Que vaya Irene Montero a visitar a sus niños.
Aunque claro, ella iría con cientos de guardaespaldas, pagados con nuestros impuestos.


----------



## skan (23 May 2022)

Cada día dan más asco los moros.


----------



## Maddie (23 May 2022)

Cormac dijo:


> Nunca he estado en Egipto. Pero me da que si te ven acompañada del marido te respetan.
> Al menos es así en otros países musulmanes.
> 
> En Marruecos y en Turquía temen mucho a la policía. Si quieren ser una potencia turística toca cuidar al turista.
> ...



Tengo una prima bastante guapa pero me consta que siempre ha vestido como señora y que por cuestiones de trabajo de su esposo viaja bastante con el. fue con su marido a Egipto y pues un par de tipos andaban tras ellos molestando justo en las pirámides, se contienen más pero no creas que respetan.
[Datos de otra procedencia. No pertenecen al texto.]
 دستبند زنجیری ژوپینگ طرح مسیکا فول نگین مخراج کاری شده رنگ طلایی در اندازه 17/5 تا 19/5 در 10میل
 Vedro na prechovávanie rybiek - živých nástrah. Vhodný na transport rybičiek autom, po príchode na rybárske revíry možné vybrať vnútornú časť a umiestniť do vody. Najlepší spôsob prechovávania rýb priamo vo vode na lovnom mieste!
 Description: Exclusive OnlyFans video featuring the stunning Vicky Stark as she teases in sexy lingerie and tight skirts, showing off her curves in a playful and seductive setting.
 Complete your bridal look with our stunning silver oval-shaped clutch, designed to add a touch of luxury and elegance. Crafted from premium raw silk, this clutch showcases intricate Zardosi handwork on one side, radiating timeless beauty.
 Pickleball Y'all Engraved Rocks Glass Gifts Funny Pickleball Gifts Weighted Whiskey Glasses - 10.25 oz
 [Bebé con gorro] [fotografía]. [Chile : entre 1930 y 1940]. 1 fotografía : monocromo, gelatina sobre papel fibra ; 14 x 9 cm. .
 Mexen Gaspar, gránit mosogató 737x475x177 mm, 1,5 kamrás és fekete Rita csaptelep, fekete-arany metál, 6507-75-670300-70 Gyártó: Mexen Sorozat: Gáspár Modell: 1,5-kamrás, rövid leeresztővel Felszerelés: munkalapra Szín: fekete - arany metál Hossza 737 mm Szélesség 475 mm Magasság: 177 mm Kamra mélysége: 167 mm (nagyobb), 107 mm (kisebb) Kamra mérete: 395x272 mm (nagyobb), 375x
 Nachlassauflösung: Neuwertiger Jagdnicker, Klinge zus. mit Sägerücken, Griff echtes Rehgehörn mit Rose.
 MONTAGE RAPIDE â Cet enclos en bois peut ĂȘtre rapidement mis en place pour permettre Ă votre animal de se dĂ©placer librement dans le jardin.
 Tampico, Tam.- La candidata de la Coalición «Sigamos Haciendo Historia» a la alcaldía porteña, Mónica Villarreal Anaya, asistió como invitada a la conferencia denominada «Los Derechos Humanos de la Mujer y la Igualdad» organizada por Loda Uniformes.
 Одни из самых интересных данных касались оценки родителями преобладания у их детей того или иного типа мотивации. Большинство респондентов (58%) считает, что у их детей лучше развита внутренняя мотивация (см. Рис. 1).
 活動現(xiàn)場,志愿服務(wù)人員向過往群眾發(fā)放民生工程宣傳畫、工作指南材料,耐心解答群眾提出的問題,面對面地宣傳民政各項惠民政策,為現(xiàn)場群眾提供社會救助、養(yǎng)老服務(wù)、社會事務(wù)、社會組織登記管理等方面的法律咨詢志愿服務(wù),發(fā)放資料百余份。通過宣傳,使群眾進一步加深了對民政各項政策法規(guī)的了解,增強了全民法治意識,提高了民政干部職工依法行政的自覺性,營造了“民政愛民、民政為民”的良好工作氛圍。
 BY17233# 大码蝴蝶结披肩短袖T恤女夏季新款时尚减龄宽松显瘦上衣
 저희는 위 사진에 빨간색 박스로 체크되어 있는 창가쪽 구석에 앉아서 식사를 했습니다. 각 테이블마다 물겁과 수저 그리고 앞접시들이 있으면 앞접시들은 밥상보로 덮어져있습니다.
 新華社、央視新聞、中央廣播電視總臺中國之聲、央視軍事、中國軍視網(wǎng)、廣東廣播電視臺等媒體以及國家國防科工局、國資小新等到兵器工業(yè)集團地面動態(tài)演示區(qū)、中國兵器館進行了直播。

El marido tenía miedo que le dieran un piedrazo en la cabeza y aprovecharan para meter mano o algo peor. Cabe resaltar que mi prima en ese entonces andaría sobre los cuarenta y pocos, o sea que de chortina nada.

Total que su viaje de cinco días se hizo de dos, jamás han vuelto.


----------



## VOX o DERROICIÓN (23 May 2022)

Maddie dijo:


> Tengo una prima bastante guapa pero me consta que siempre ha vestido como señora y que por cuestiones de trabajo de su esposo viaja bastante con el. fue con su marido a Egipto y pues un par de tipos andaban tras ellos molestando justo en las pirámides, se contienen más pero no creas que respetan.
> 
> El marido tenía miedo que le dieran un piedrazo en la cabeza y aprovecharan para meter mano o algo peor. Cabe resaltar que mi prima en ese entonces andaría sobre los cuarenta y pocos, o sea que de chortina nada.
> 
> Total que su viaje de cinco días se hizo de dos, jamás han vuelto.



joder menudos simios salidos los egipcios


----------



## ashe (23 May 2022)

Fue entrar los moros a egipto y este irse a la mierda...


----------



## Manteka (23 May 2022)

MAESE PELMA dijo:


> qué raza más miserable



Cual?


----------



## Nefersen (23 May 2022)

skan dijo:


> y te acaba estafando o violando ese chaval.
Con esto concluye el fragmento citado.